Bookmark and Share

Notice: On April 23, 2014, Statalist moved from an email list to a forum, based at

[Date Prev][Date Next][Thread Prev][Thread Next][Date Index][Thread Index]

RE: st: How to plot cdf after corrected kernel density

From   philippe van kerm <>
To   "" <>
Subject   RE: st: How to plot cdf after corrected kernel density
Date   Fri, 4 Oct 2013 12:30:46 +0000

Nick is right: -akdensity- does nothing specific to address lower and upper bounds for data on a restricted range. 

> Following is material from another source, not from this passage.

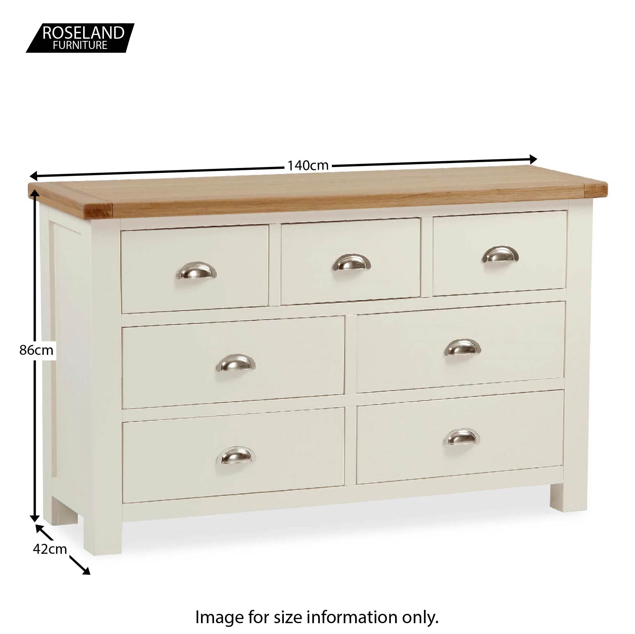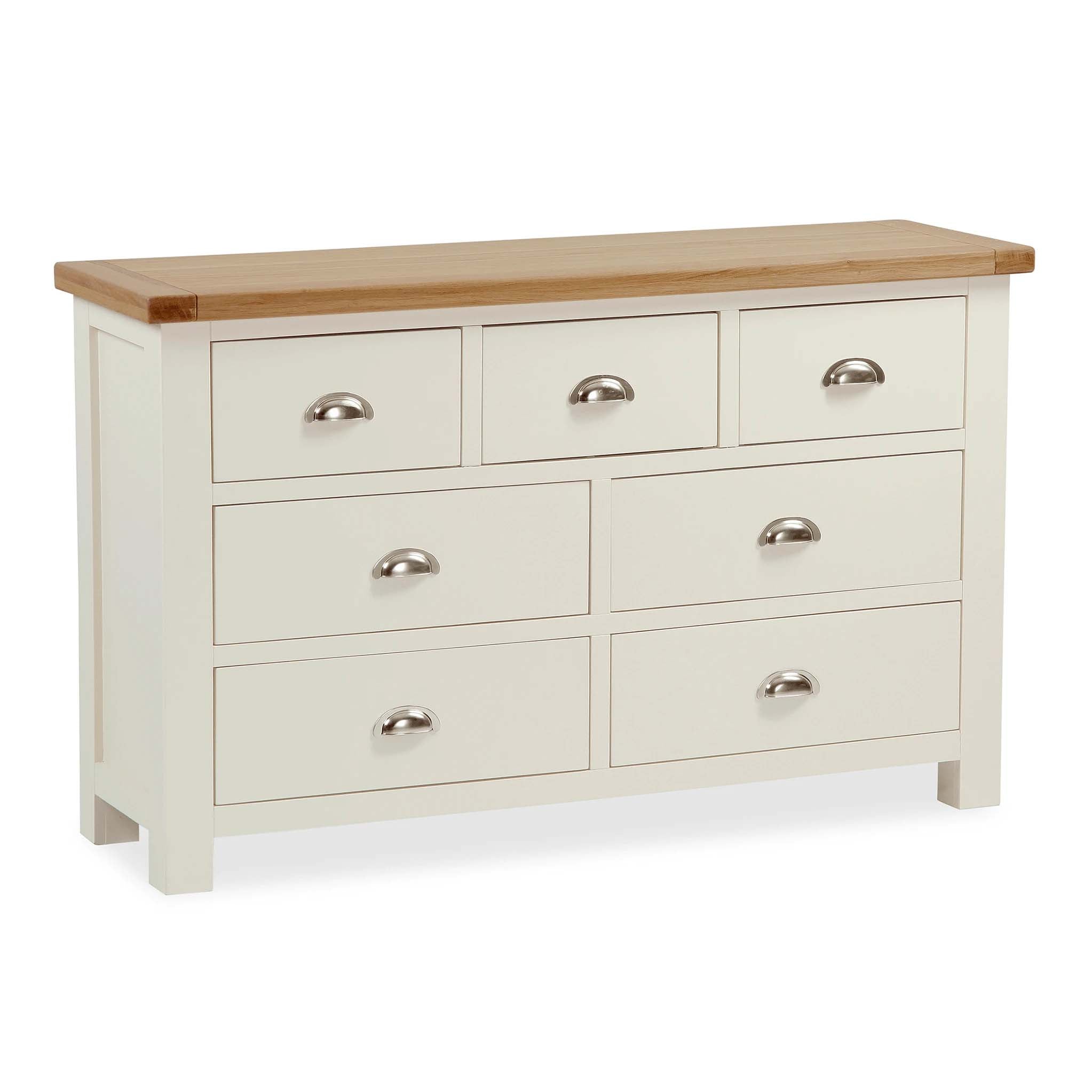 The Daymer Cream large chest of drawers is a beautiful piece, designed to bring a contemporary painted style to your bedroom/living space. Featuring 7 (3 small and 4 large) spacious drawers the design is practical as well as elegant. The painted finish is an off white buttermilk colour which can really brighten your room whilst the metal handle adds that modern touch.

I guess the short answer Monica may be looking for is to use -integ- instead of -cumul- (but see Nick's point about crude integration methods on smart PDF estimation)

  sysuse auto
  _kdens mpg, g(b a)  
  integ b a , gen(cb)
  line cb a, sort

Note that if interest is ultimately in the (smoothed) CDF, she requires a much smaller bandwidth than what would be 'optimal' for the PDF estimation. 

A transformation of the data may sometimes be a way to deal with boundary issues in kernel density estimation.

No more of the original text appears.